Hartley Magazine

All the latest news, hints, tips and advice from our experts

Alternative salad ingredients

Corn Salad

If you are worried about the lack of fresh food in the shops, it’s time to rethink your take on salads and look a bit closer at what is growing in and around your garden and greenhouse.

Beat the fresh veg shortage by using some alternative salad ingredients instead. I’ve never been a great fan of lettuce, maybe it was the bland iceberg lettuces that were widely available when I was growing up. Or perhaps it was because I was lucky enough to grow up with an allotment where we grew all sorts of fruit and veg to feed the family and where leafy veg were easy to grow, fast to crop and many were excellent salad ingredients.
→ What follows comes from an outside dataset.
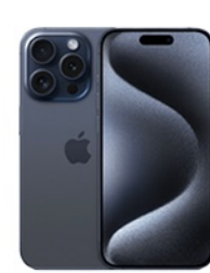
iPhone 15 Pro 256GB

Net Deposit 20,000 USD Trade Volumes 3,000 (Standard Lots)
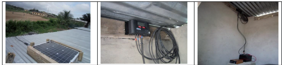
Figure 7. Components of solar-photovoltaic system installed on the biogas digester.

Galvanised copper pipes were used to connect the SSHTABD to the kitchen of the household where potential biogas to be produced was to be used. The copper pipes had diameter of 2 cm. Stop corks or valves were installed at adjoining points to regulate the flow of biogas into a biogas bag to monitor the daily biogas production. The copper pipe was laid into the walls of the restroom to the kitchen at an angle of 45° in order to ensure that all water vapour that could form during the operation of the SSHTABD would trickle down by gravity into a collection tube to be discharged (without losing biogas from the reactor) ( Figure 8 ).

These days I do grow some lettuce plants, but mostly because they are fast to grow, easy to grow and they make good fillers for a homegrown salad. That said, so far this year I have not sown any lettuce leaf salads, yet.

Alternative garden salad

Babbington Leek

But if I take a wander around the garden, I can easily create a bowl of salad from the leaves growing in and around my plot. I do rely on several perennial vegetables and many of these are fantastic salad stalwarts especially in late winter and early spring. First is the perennial kale, Taunton Deane Cottager’s Kale. The tough outer leaves are fed to my hens, but the new leaves are tender and delicious raw. I pick them with secateurs and then tear the stems out adding the rest of the leaves to the salad bowl. It’s tasty and fresh and rich in vitamins and often forms the bulk of a salad.

Lovage

Then I add the fresh chopped leaves of my Babington leeks, these add taste and bulk to the salad with a mild garlic flavour. I left a clump of beetroot in the raised beds. They didn’t amount to much in terms of roots, but right now they have a decent crop of leaves. Again, the winter ravaged leaves are vitamin rich treats for the hens, but inside the small ruby red tinged leaves are delicious, as are the leaf stems chopped up for the salad. They add an earthy taste and vibrant colour to the salad bowl. If I put a cloche over the top, it will keep the leaves forming to fill the salad bowl again and again. I’ve also got a few spinach chard plants that are also leafing up, they will be another filler for the salad bowl until my spring sowings get growing. Plus, some rootling around uncovered some marjoram leaves to add more flavour to the offering. Once you know what grows where on your plot you can keep an eye out for spring shoots. I’ve got a huge clump of lovage which starts sprouting into grown in March. The first pink leaves are soft and delicious, they are also quite bulky and can help fill a salad bowl when ingredients are sparse. Plus, I found some lamb’s lettuce seedlings which are perfect for salad and some garlic chives.

Greenhouse crops

Ginger Rosemary

The next ingredients for my alternative salad bowl are added from the greenhouse. Inside the protection of my glasshouse, I have a few amazing plants that spice up my menus. First is a clump of wild rocket, it’s a perennial and starts into growth much earlier in the greenhouse. Just a few leaves of this spicy leaved plant chopped up small lift any salad into orbit in terms of taste. Plus, the flavour bursts add drama to the salad bowl. Then the ginger rosemary provides a few tasty morsels to fire up the tastebuds and add the wow factor to my salad. I pick the youngest leaves and chop them up small, you don’t need much and even ‘normal’ rosemary will do. I’m not a huge fan of mint in savoury meals, but I think you can get away with adding mint leaves to homegrown salads, especially if you grow something like basil mint. This perennial beauty will keep growing through the winter into spring, long before I start sowing basil seeds. It’s a winter stalwart that transforms all sorts of culinary dishes. Plus, it’s really easy to grow, you can take cuttings and share them and it tastes fab too.

Salads from seed

Perennial Kale

With the threat of cold weather imminent I haven’t got started sowing in the greenhouse yet, apart from the all-essential pea shoots and broadbeans. Both of which were sown back in January and are now generating fleshy leaves, succulent stems and in the case of the peas, tasty tendrils too. The salad now has taste, texture, bulk and so much more. And of course, all the plants that you have harvested leaves from will keep growing making more for your next homegrown bowl of flavour.

Wild food

Beetroot Leaves

Don’t forget the value of wild food too. Once you’ve filled your salad bowl from your garden and greenhouse have a look a bit further afield at what’s growing wild. You might be surprised at the wild food growing locally. But before you add it to the salad bowl you need to be absolutely sure of your identification skills. If in any doubt don’t. Sign up for a foraging course to learn the basics and then you can embellish your menus for free. One of the most prolific wild plants for salads and more is wild garlic. You can smell it in the woodlands in spring and the young leaves are a fantastic ingredient not just for salad but for pesto and so much more too. Have a look out for hedge garlic which is another great salad ingredient, the seeds taste a bit like mustard and the roots have a mild horseradish flavour.